** DATA FOR PROCESSING follows **

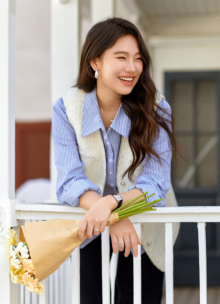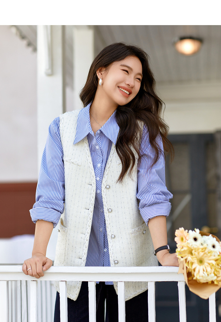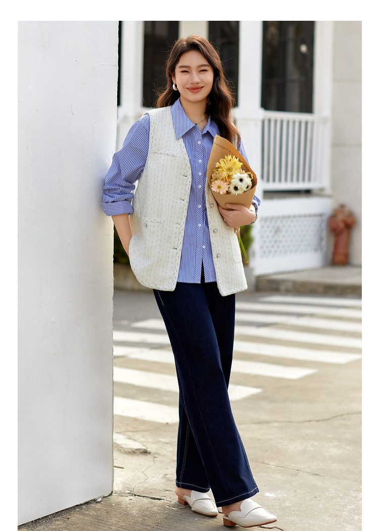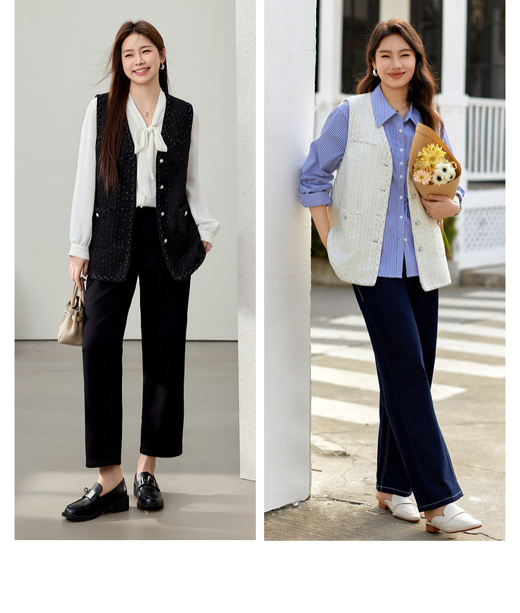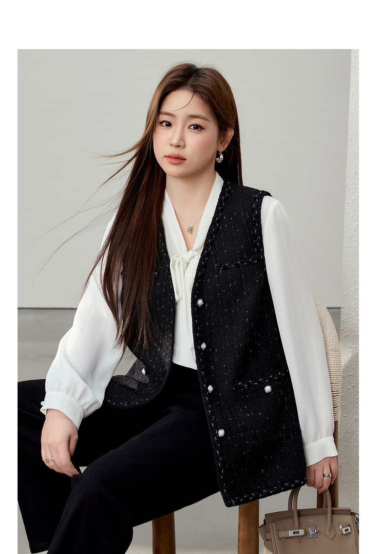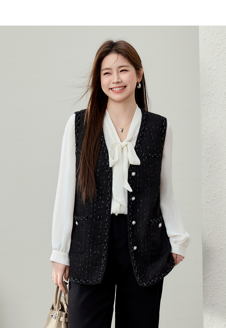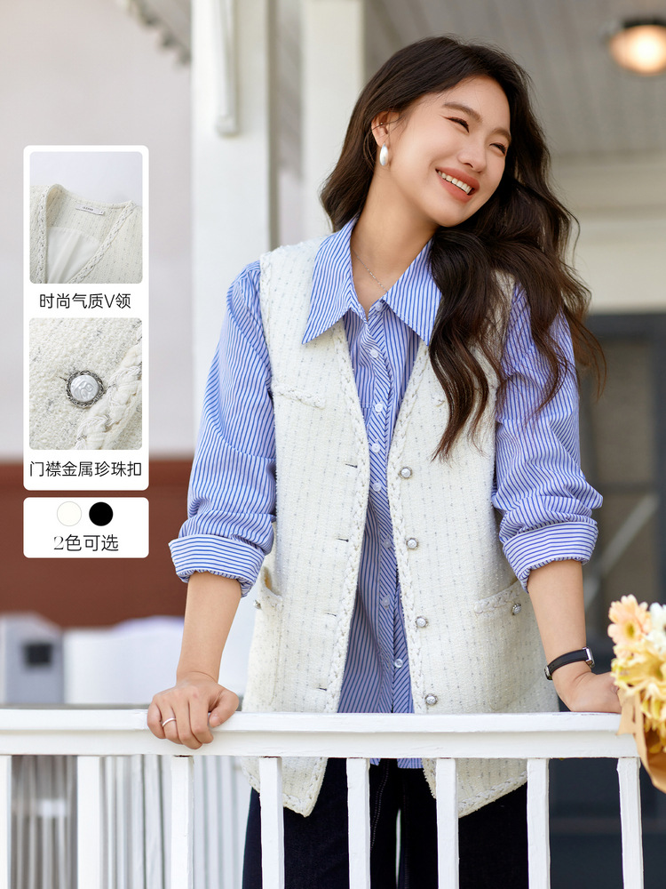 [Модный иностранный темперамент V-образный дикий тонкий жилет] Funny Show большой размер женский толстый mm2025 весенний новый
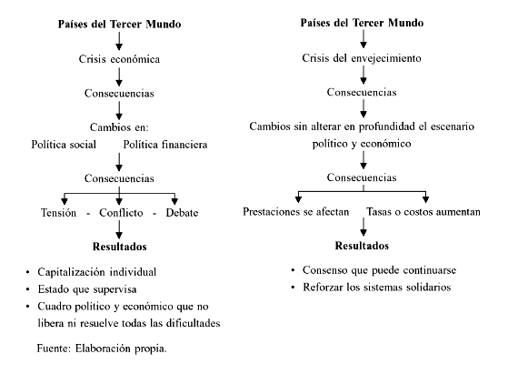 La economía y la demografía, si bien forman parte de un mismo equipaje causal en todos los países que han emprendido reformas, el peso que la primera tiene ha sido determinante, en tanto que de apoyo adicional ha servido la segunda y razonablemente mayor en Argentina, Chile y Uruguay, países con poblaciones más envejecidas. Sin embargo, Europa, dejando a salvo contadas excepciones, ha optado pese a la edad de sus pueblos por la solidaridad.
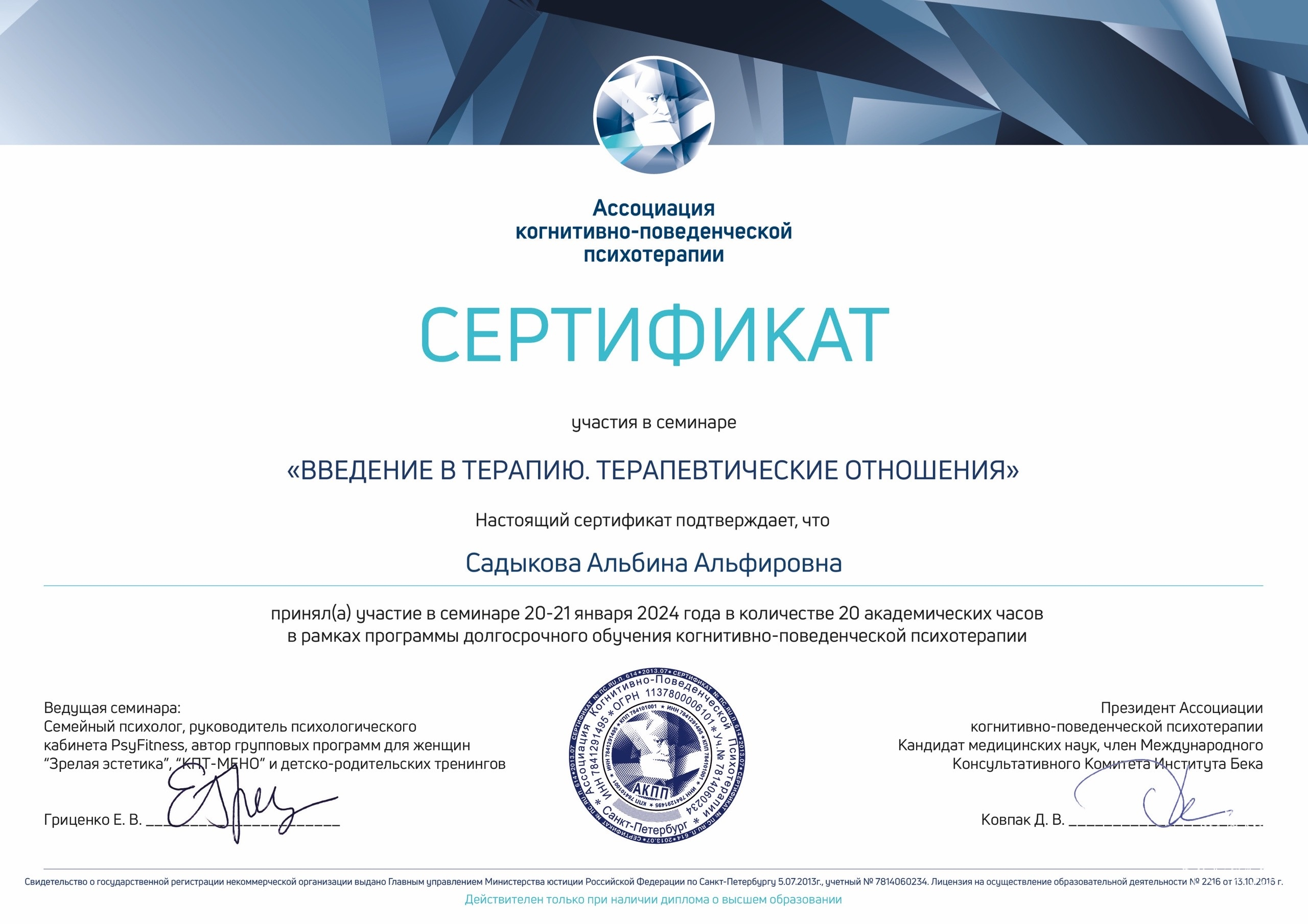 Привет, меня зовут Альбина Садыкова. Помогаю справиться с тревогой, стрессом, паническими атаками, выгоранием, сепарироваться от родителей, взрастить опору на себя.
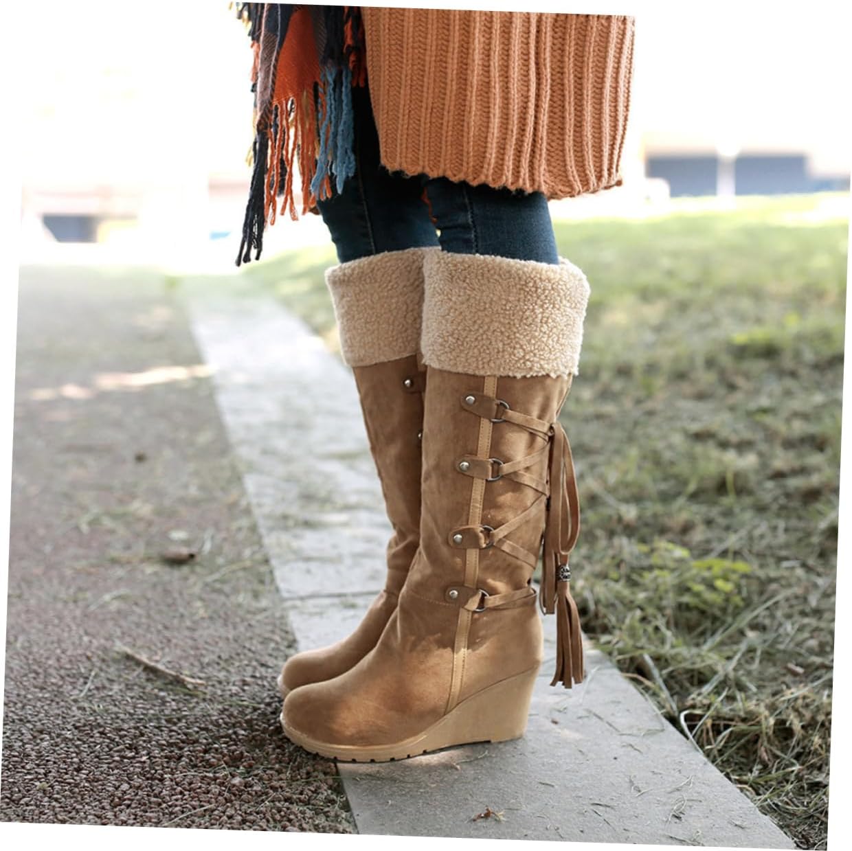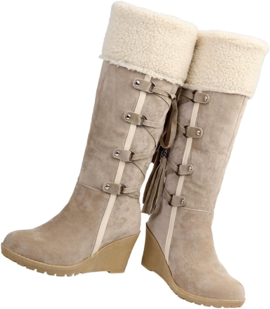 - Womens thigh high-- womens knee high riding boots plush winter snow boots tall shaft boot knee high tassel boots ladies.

** End of DATA FOR PROCESSING **
** DATA FOR PROCESSING follows **

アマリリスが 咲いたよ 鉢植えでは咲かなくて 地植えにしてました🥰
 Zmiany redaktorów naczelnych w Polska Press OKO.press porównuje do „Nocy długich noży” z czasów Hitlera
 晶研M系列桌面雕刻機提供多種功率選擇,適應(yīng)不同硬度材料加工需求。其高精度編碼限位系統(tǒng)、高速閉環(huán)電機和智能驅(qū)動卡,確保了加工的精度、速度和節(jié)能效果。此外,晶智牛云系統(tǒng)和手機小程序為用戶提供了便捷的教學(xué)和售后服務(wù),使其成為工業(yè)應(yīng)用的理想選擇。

** End of DATA FOR PROCESSING **

- PROBLEM
The exact lines of the material above starting at the one that contains "アマリリスが 咲いたよ 鉢植えでは咲かなくて 地植えにしてました🥰" and ending at the one that contains "晶研M系列桌面雕刻機提供多種" are what to retype; leave out everything else.

- RESPONSE TO THE TASK
アマリリスが 咲いたよ 鉢植えでは咲かなくて 地植えにしてました🥰
 Zmiany redaktorów naczelnych w Polska Press OKO.press porównuje do „Nocy długich noży” z czasów Hitlera
 晶研M系列桌面雕刻機提供多種功率選擇,適應(yīng)不同硬度材料加工需求。其高精度編碼限位系統(tǒng)、高速閉環(huán)電機和智能驅(qū)動卡,確保了加工的精度、速度和節(jié)能效果。此外,晶智牛云系統(tǒng)和手機小程序為用戶提供了便捷的教學(xué)和售后服務(wù),使其成為工業(yè)應(yīng)用的理想選擇。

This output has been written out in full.